In many other programming languages, _
is an alias for the gettext
function, but in sh-i18n it is an alias for the i18n_print
shell function. The i18n_print
shell function performs variable expansion, similar to the eval_gettext
shell function in gettext.sh
.
The second argument is a flag, specify -n
or --
. If -n
is specified, suppresses output of trailing a newline. If --
is specified, a newline is output. --
is optional, but we recommend not omitting it given the possibility that the value of ARGUMENT is --
.
If the MSGID contains the %
format, the arguments are expanded and the value passed in ARGUMENT is assigned. See i18n_printf
for about format.
n_ MSGID MSGID-PLURAL [-n | --] N [ARGUMENT]...
i18n_nprint MSGID MSGID-PLURAL [-n | --] N [ARGUMENT]...
Use n_
to internationalize messages for plurals. It is an alias for the i18n_nprint
shell function. The i18n_nprint
shell function performs variable expansion, similar to the eval_ngettext
shell function in gettext.sh
.
The third argument is a flag, specify -n
or --
. If -n
is specified, suppresses output of trailing a newline. If --
is specified, a newline is output. --
is optional. Since the next argument is numeric, --
can safely be omitted.
If the fourth argument is 1
, MSGID is used as the message; if it is not 1
, MSGID-PLURAL is used.
If the MSGID contains the %
format, the arguments are expanded and the value passed in ARGUMENT is assigned. See i18n_printf
for about format.
s_ SCOPE'|'MSGID [-n | --] [ARGUMENT]...
i18n_sprint SCOPE'|'MSGID [-n | --] [ARGUMENT]...

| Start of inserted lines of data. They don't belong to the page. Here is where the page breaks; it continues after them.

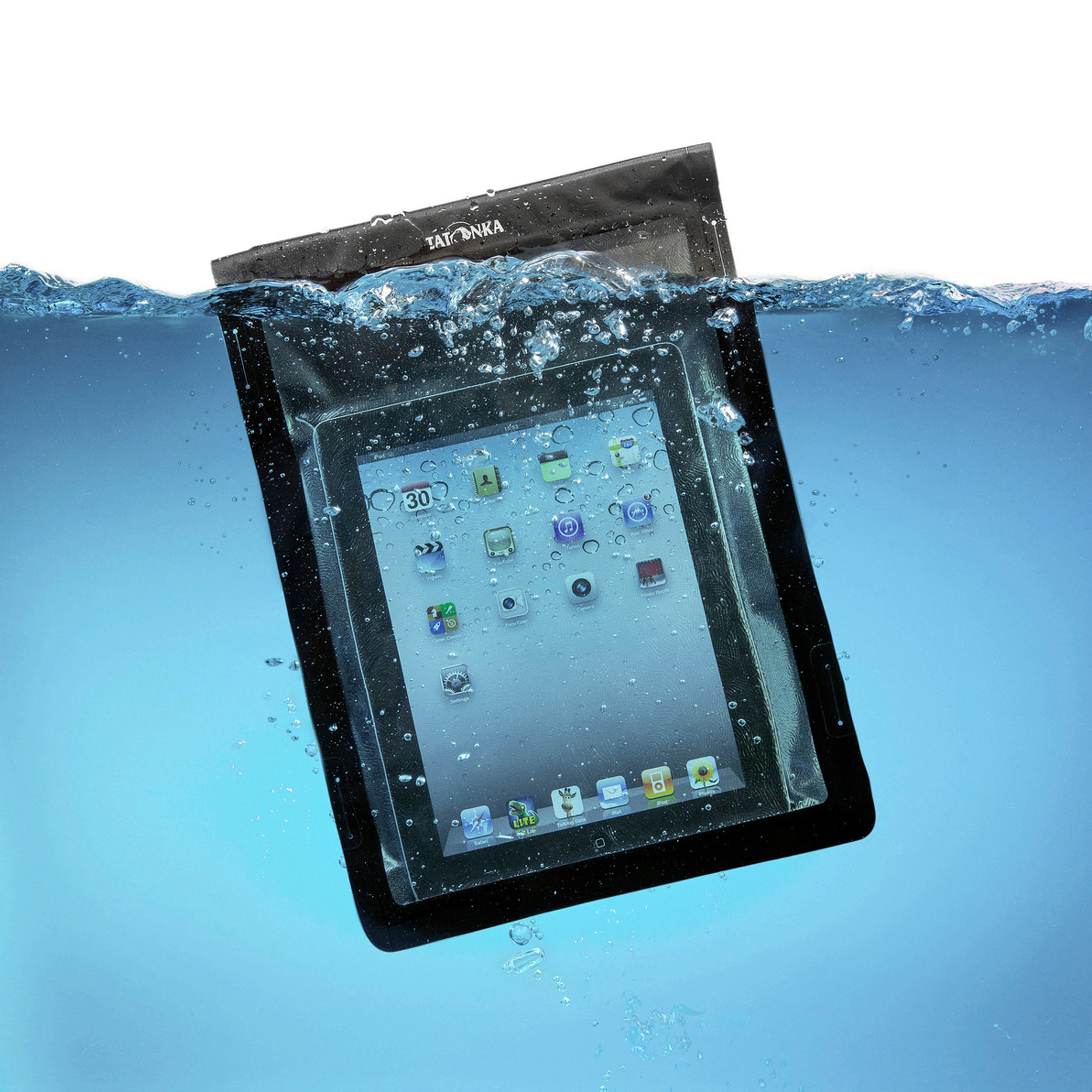 Die wasserdichte Outdoor-Schutzhülle WP Dry Bag A4 von Tatonka schützt dein Tablet vor Regen, Schnee und Schmutz.
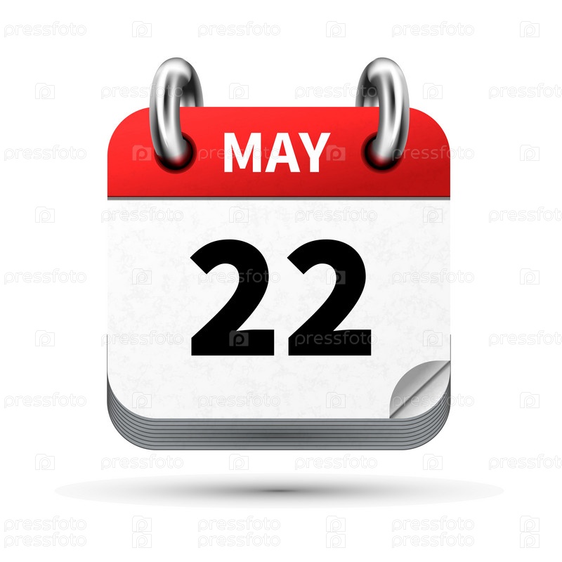 Яркий реалистичный значок календаря с 22 мая
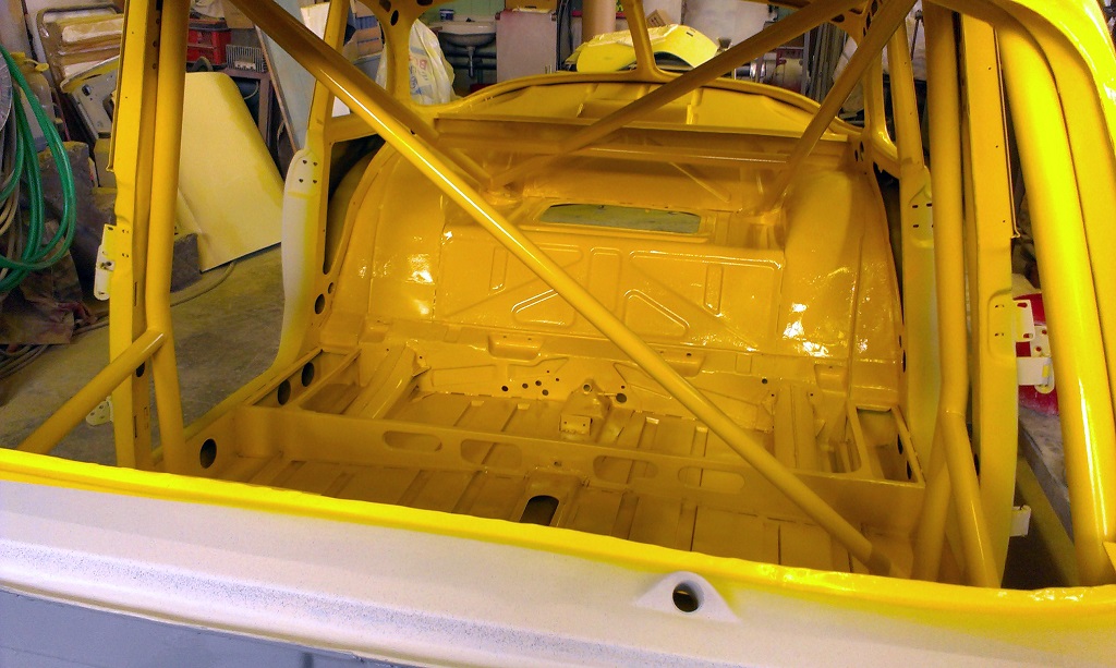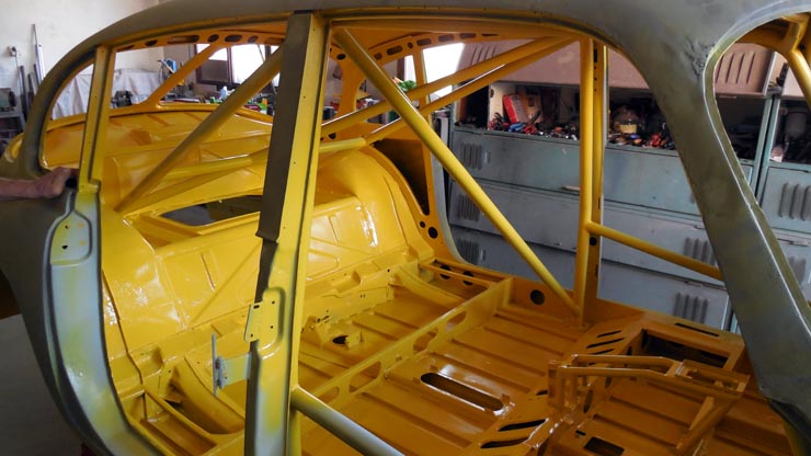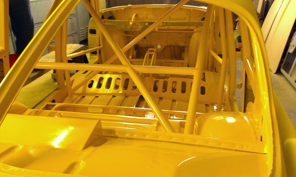 Je svařený přímo v autě, už se nedá vyndat a řády FIA stanoví přišroubování do podlahy na vyztužené plotny, které jsou k podlaze přivařeny. nikde jinde nesmí rám nijak vyztužovat karoserii historického závodního automobilu (například přivařením ke střeše, nebo sloupkům karoserie). Zadní ukotvení je přišroubováno i přivařeno. Dělal to klučina, co dělá rámy pro Fabie S2000 a udělal i spoustu historiků.
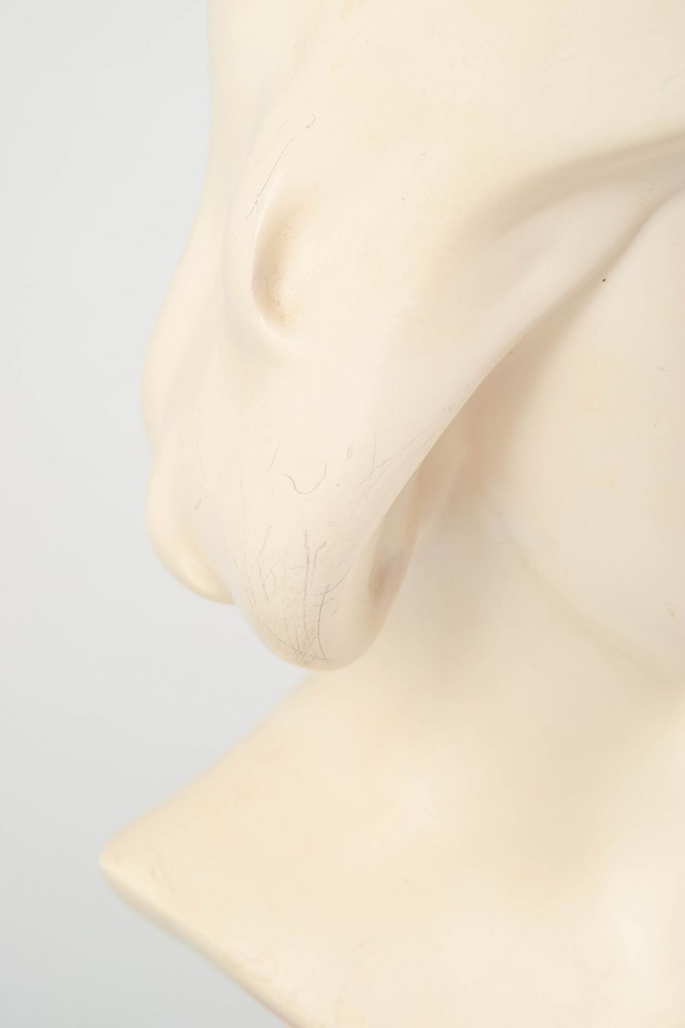 White-patinated plaster bust of a young girl on solid wooden base with original metal plaque “PÅSKLILJAN”. Classic naturalistic expression with a soft, matte surface.
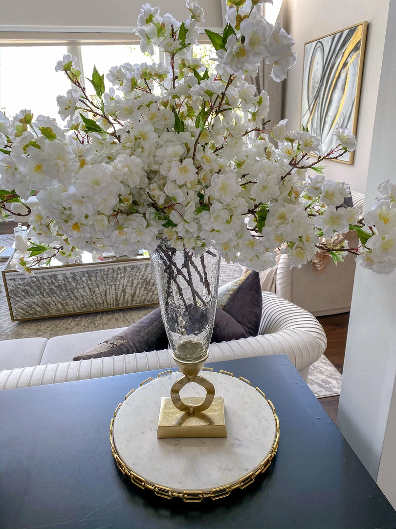 Inspire Me! Home Decor Large Rectangular Marble Tray With Cherry Blossom Details
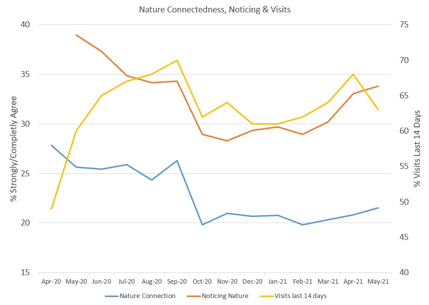 While it makes sense that attention may have shifted away from nature to people and other activities after being kept apart for so long, the chart shows we must not neglect our relationship with nature. Even though visits to green spaces have remained high, noticing and deeper connection to nature have faded – a visit to nature does not guarantee connection. Research has shown that taking time to notice nature is vital for nature connection, and simply noticing nature leads to greater mental wellbeing for humans – and nature too. It’s important to pause and find moments to tune into the sounds, sights, smells and beauty of nature to foster our relationship with it.
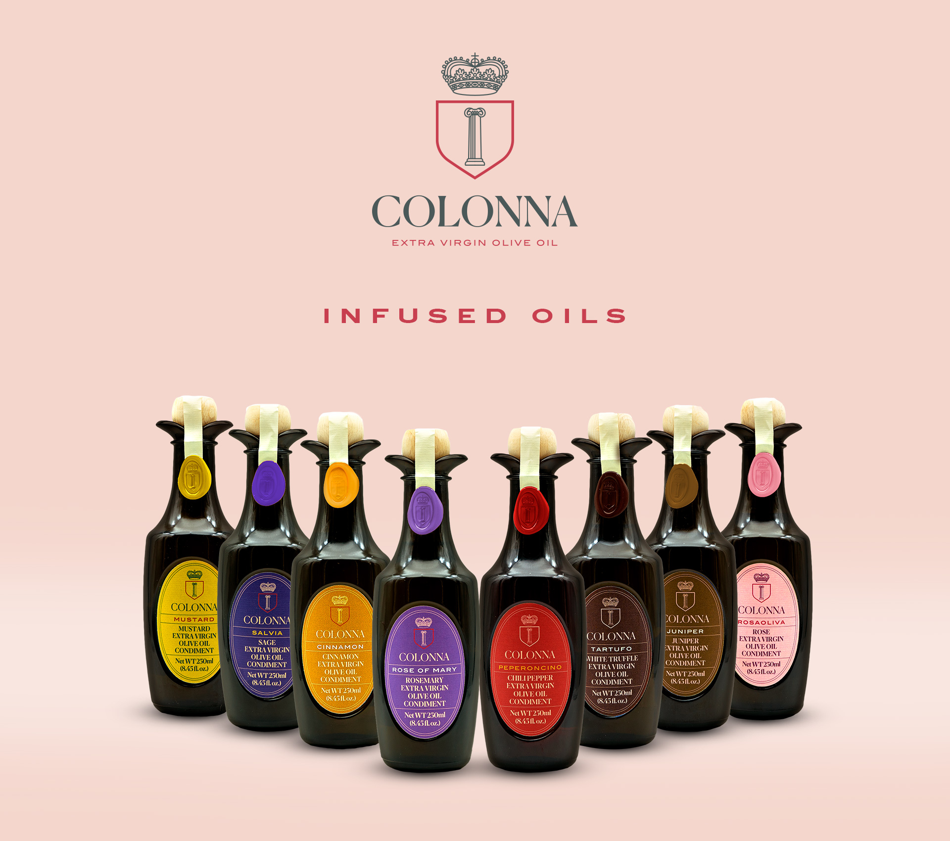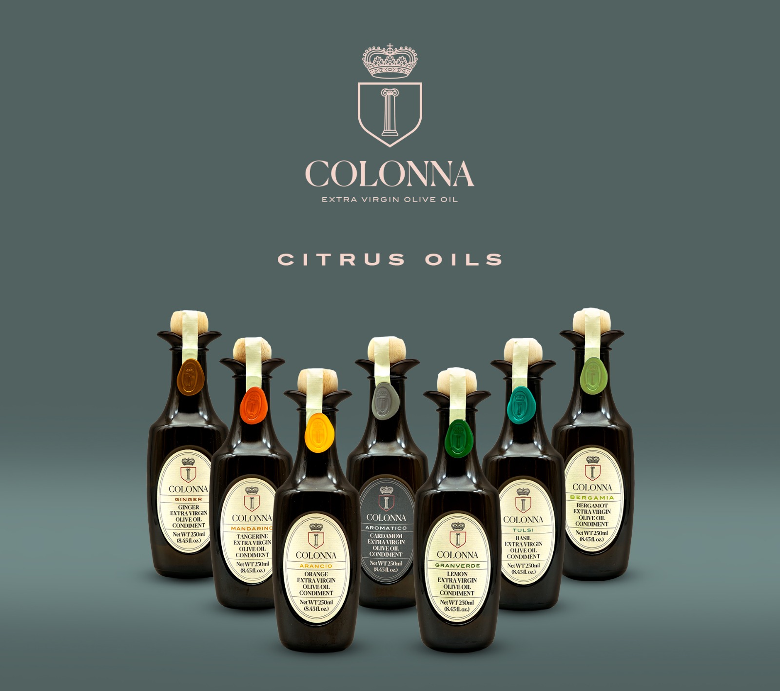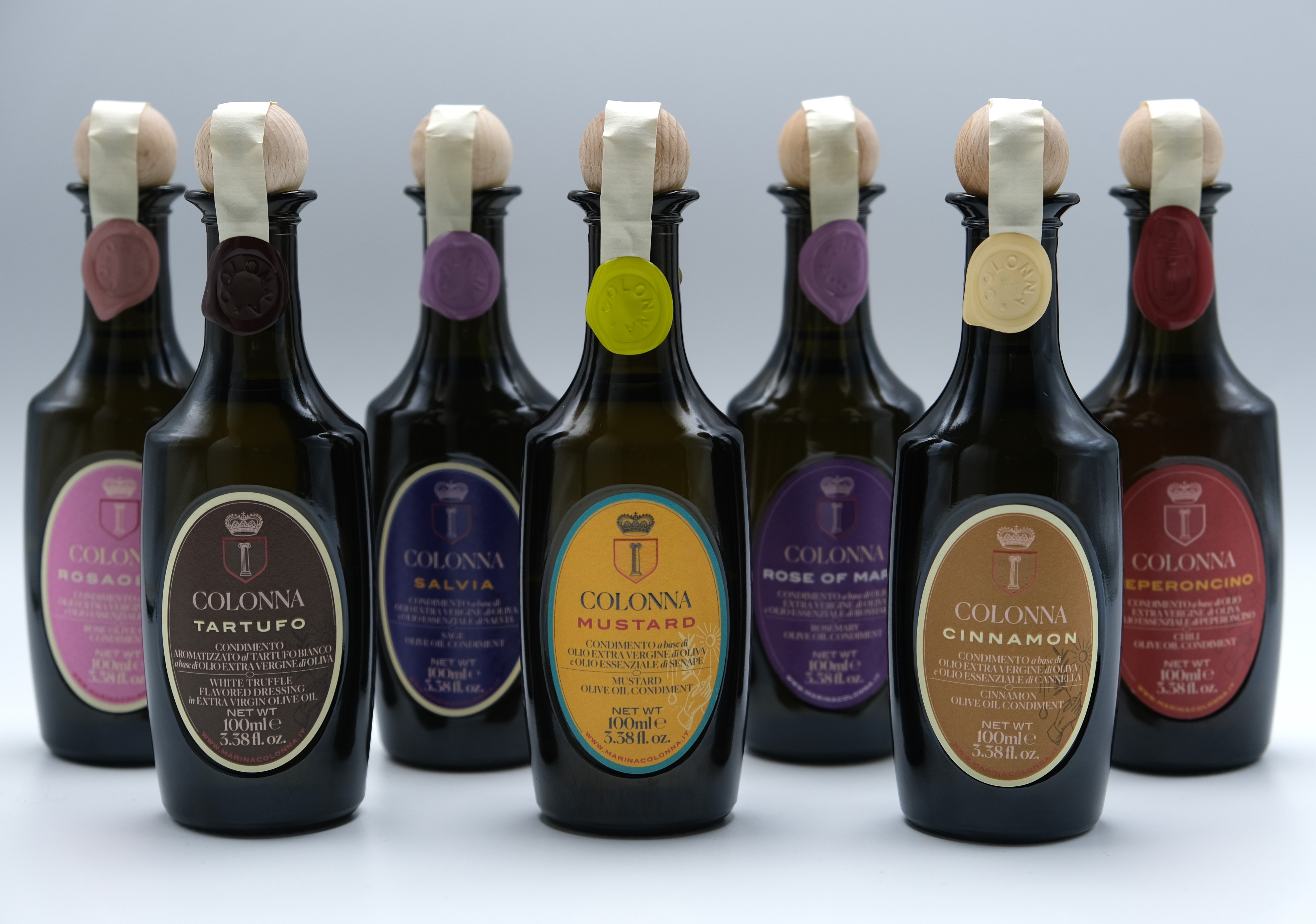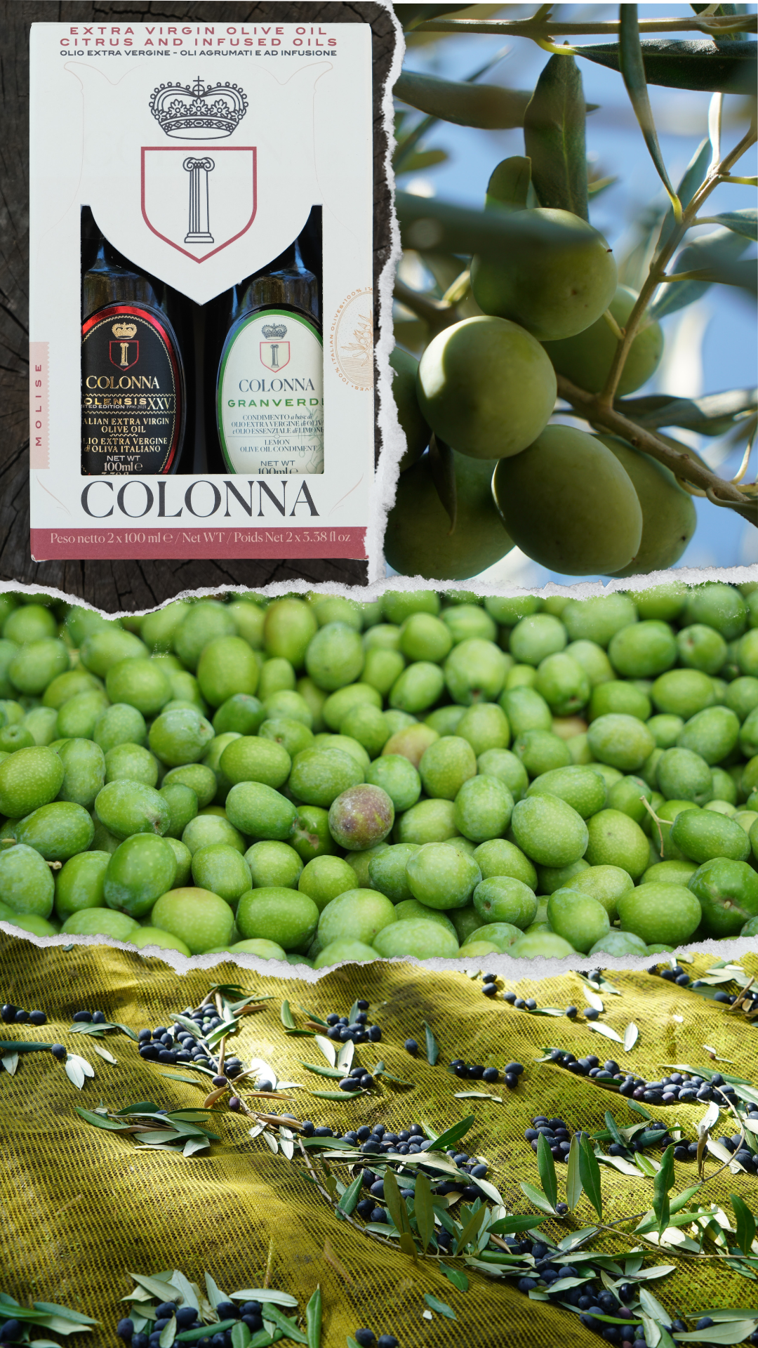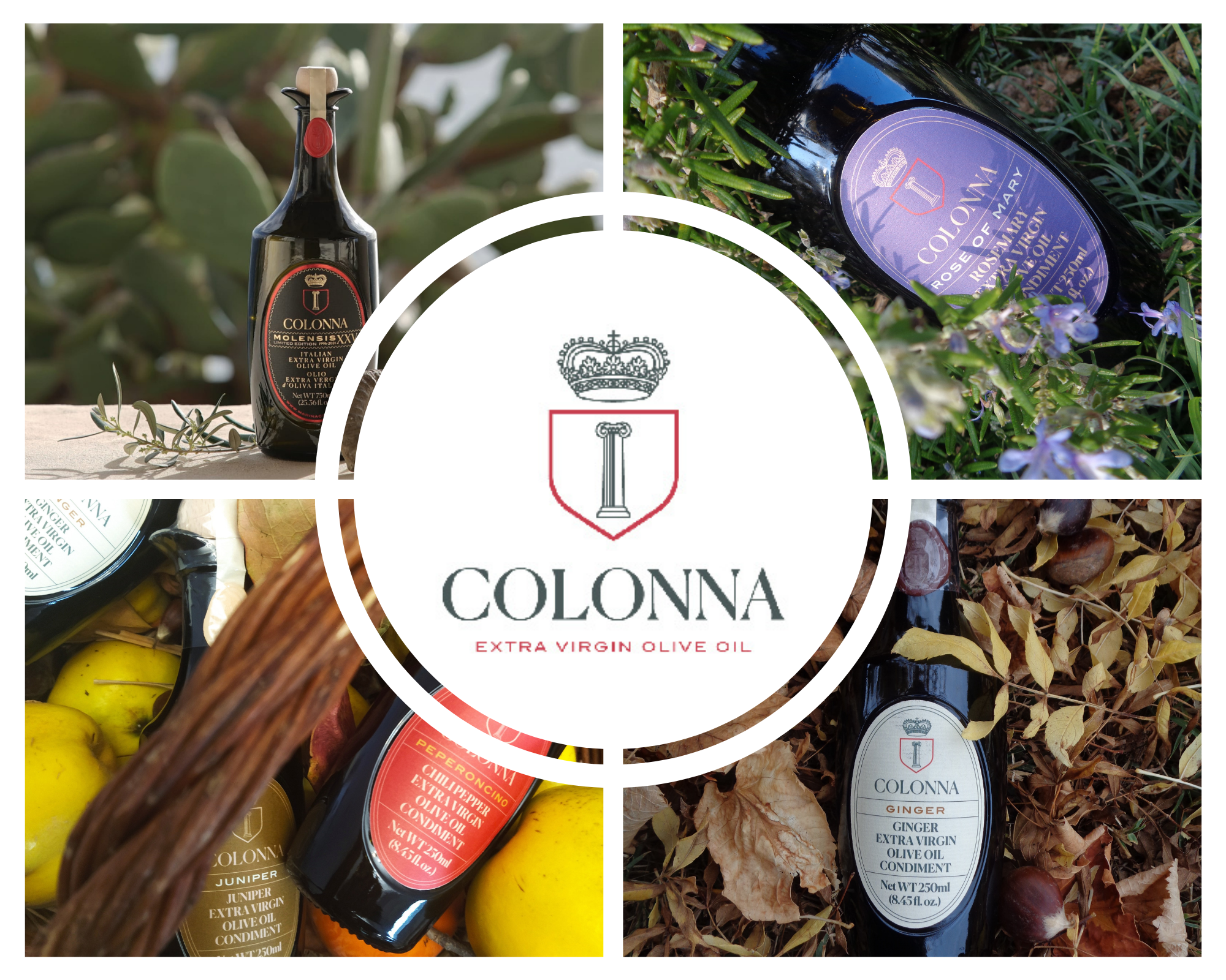 Located in the Molise region, the Colonna estate covers 160 hectares with cereals, various crops and olive groves. Over twelve different olive varieties, producing high quality extra virgin olive oils. From the tree to the bottle: Classic Blend, DOP selection, Organic and Monovarietal Peranzana, all bottled in the patented “Anfora”. Our flagship is Molensis, top brand limited quantity oil. A wide range of citrus oils, obtained by milling estate olives with organic citrus fruit or spices in the estate’s oil mill; infused oils, organic table olives from the farm, black and green olive patés and tomato sauces complete the range. The Colonna brand is available in the best gourmet shops worldwide.
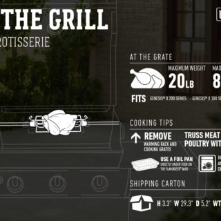$114.43Add to cartWith RC Willey, you can turn your grill into a backyard rotisserie using this Weber rotisserie tool for Genesis II and II LX grills. Slow-roast anything from a crispy yet moist whole chicken to succulent tender ribs. The rotisserie gently rotates food above the cooking grate producing succulent, self-basted meat directly from your backyard kitchen. Forks designed to hold both large and small cuts of meat Fits Genesis II 200 and 300 Series grills Includes stainless steel shaft, forks, handle, and hardware.

ns_ SCOPE'|'MSGID MSGID-PLURAL [-n | --] N [ARGUMENT]...
i18n_nsprint SCOPE'|'MSGID MSGID-PLURAL [-n | --] N [ARGUMENT]...
p_ MSGCTXT MSGID [-n | --] [ARGUMENT]...
i18n_pprint MSGCTXT MSGID [-n | --] [ARGUMENT]...
np_ MSGCTXT MSGID MSGID-PLURAL [-n | --] N [ARGUMENT]...
i18n_npprint MSGCTXT MSGID MSGID-PLURAL [-n | --] N [ARGUMENT]...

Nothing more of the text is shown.